Allos Therapeutics, Inc.(NasdaqGS:ALTH) dropped from NASDAQ Composite Index
Sep 5 12
Allos Therapeutics, Inc. will be removed from NASDAQ Composite Index
Robbins Geller Rudman & Dowd LLP Files Class Action Suit Against Allos Therapeutics, Inc. and Spectrum Pharmaceuticals, Inc
May 1 12
Robbins Geller Rudman & Dowd LLP announced that a class action has been commenced in the United States District Court for the District of Colorado on behalf of all persons who held shares of the common stock of Allos Therapeutics, Inc. on April 5, 2012, against Allos, its board of directors and Spectrum Pharmaceuticals, Inc. for breaches of fiduciary duty in connection with the proposed acquisition of Allos by Spectrum and for violations of Section 14(e) of the Securities Exchange Act of 1934 in connection with the Solicitation/Recommendation Statement on Schedule 14D-9 filed with the SEC on April 13, 2012. On April 5, 2012, Allos and Spectrum announced a definitive merger agreement under which Allos would be acquired by Spectrum via tender offer.
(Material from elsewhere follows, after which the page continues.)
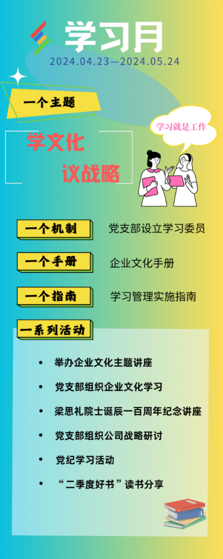 423日,神軟公司啟動首屆學習月活動,以學文化 議戰略為主題開展系列活動,鼓勵干部員工多學習、多參與公司戰略制定,樹立學習就是工作的理念,通過學習解放思想、轉變觀念、提高認識,進一步提高建設數字航天的能力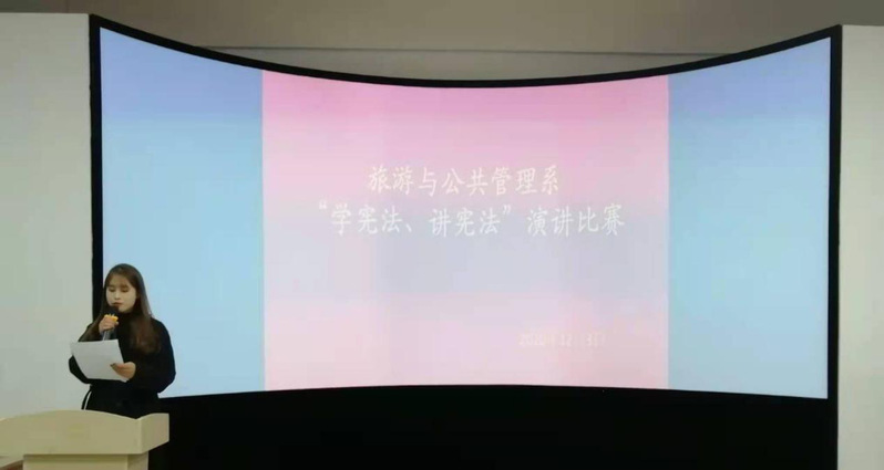 此次活動以憲法為主題在學生會成員的組織領導下,圍繞選手演講、評委打分以及評選三個環節展開。比賽中,同學們精神抖擻,他們或從憲法的含義開始、或以憲法小故事為開端、或用真實案例從多方麵剖析,向在場觀眾分析了學憲法、講憲法對同學們成長成才的重要性,同時也闡明了憲法的權威性、原則性。參賽選手們沉著自信、慷慨激昂的演講,贏得了台下陣陣掌聲。

Under the terms of the Merger Agreement, upon successful completion of the Tender Offer, Allos stockholders will receive $1.82 per share in cash plus one Contingent Value Right, which would provide Allos stockholders with an additional payment of $0.11 per share in cash if certain European regulatory approval and commercialization milestones for FOLOTYN(R) are achieved. The complaint alleges that the defendants directly breached their fiduciary duties or aided and abetted breaches of fiduciary duties in connection with the Proposed Acquisition, which significantly undervalues Allos and is the result of an unfair sales process designed to ensure that only Spectrum has the opportunity to acquire Allos. In addition, the complaint alleges that the 14D-9 contains material omissions and/or misstatements in contravention of --14(e) of the 1934 Act and/or defendants' fiduciary duty of disclosure under state law, including material omissions and/or misstatements concerning the sales process leading up to the execution of the Merger Agreement, the Company's value, the analyses performed by the Company's financial advisor, J.P. Morgan Securities LLC, and the potential and/or actual conflicts of interest faced by J.P. Morgan. Without this material information, Allos shareholders are prevented from making a fully-informed decision as to the adequacy of the Tender Offer and whether to tender their shares.